The PTX was obtained from this:


#define N 1000

__global__ void add(int* a, int* b) {
int i = threadIdx.x;
if (i < N) {
b[i] = 2 * a[i];
}
}


To build:
SET MASM64LIB=\masm32\lib64
\masm32\bin\ml64  -c -Zp8 c64.asm
\masm32\bin\link /ENTRY:mulby2 /SUBSYSTEM:console /LIBPATH:%MASM64LIB% /FIXED /MACHINE:X64 c64.obj

LiaoMi

#18
I need to have some kind of manual to deal with architecture and api. Here you can download full documentation in pdf, on api, on inline functions and more - https://docs.nvidia.com/cuda/

Quote from: Biterider on May 14, 2019, 12:51:12 AM
Hi LiaoMi
I found the same issue while translating the header files.

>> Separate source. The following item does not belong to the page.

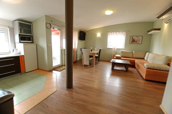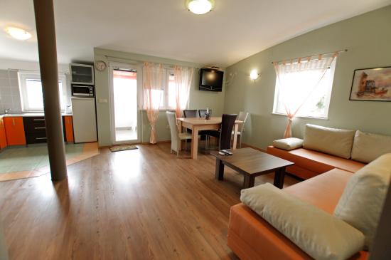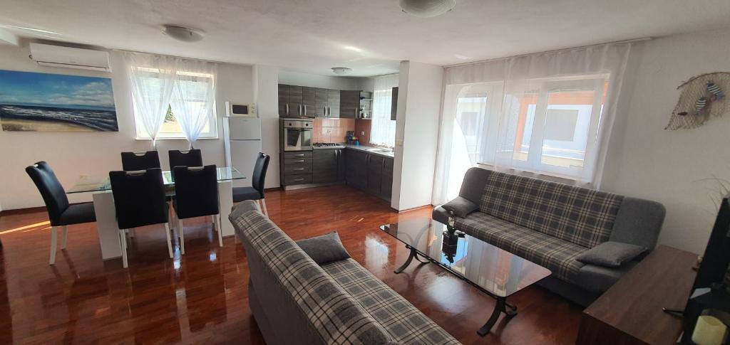 Het appartement is goed uitgerust, schoon, ruim voor 4 personen en comfortabel. Donačini zijn erg vriendelijk en geven concrete en nuttige informatie. Prachtig terras met uitzicht waar u de hele dag van kunt genieten. Goede locatie, dichtbij de stad.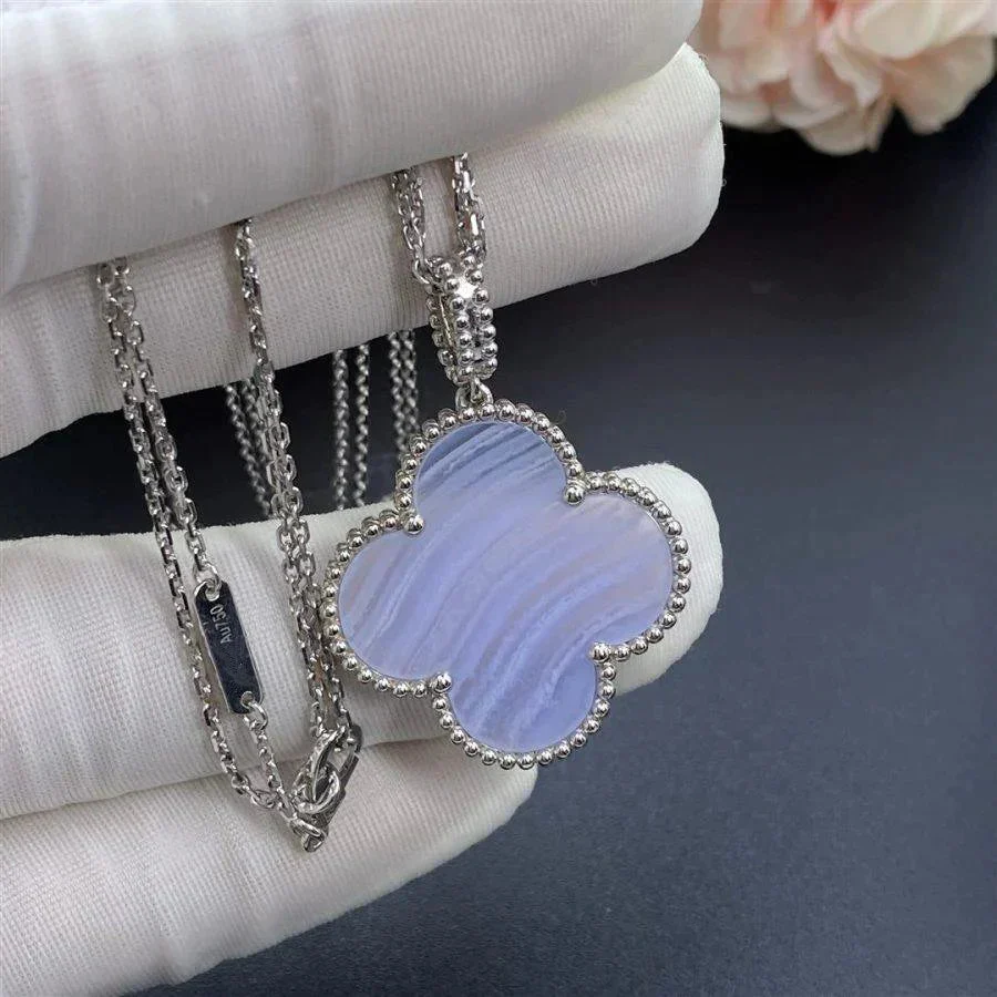 [Zyrono] CLOVER SILVER CHALCEDONY BIG CLOVER NECKLACE FREE SHIPPING

In the next few days, I'll make some additions to h2incX to better convert these files.
Biterider

Hi Biterider,

I fixed in my own conversion the following steps ..
1.Make a copy of all files for backup
2.Replace all types described here https://en.cppreference.com/w/cpp/language/types in the form of __int64 (unsigned long long = __int64, unsigned long = long) everything on the table, there are many of them ..
3.Define type in converter CUdeviceptr = CUdeviceptr
4.Delete all parameters in original headers CUdeviceptr = DWORD
5.Add the correct macro
IF DEFINED(_WIN64) OR DEFINED(__LP64__)
CUdeviceptr TYPEDEF QWORD
ELSE
CUdeviceptr TYPEDEF DWORD
ENDIF


Perhaps there are also other bottlenecks that I did not see .. Compiling with my converted file works fine .. I have done only one so far - cuda.inc, in the post above the file was already corrected a couple of days ago ..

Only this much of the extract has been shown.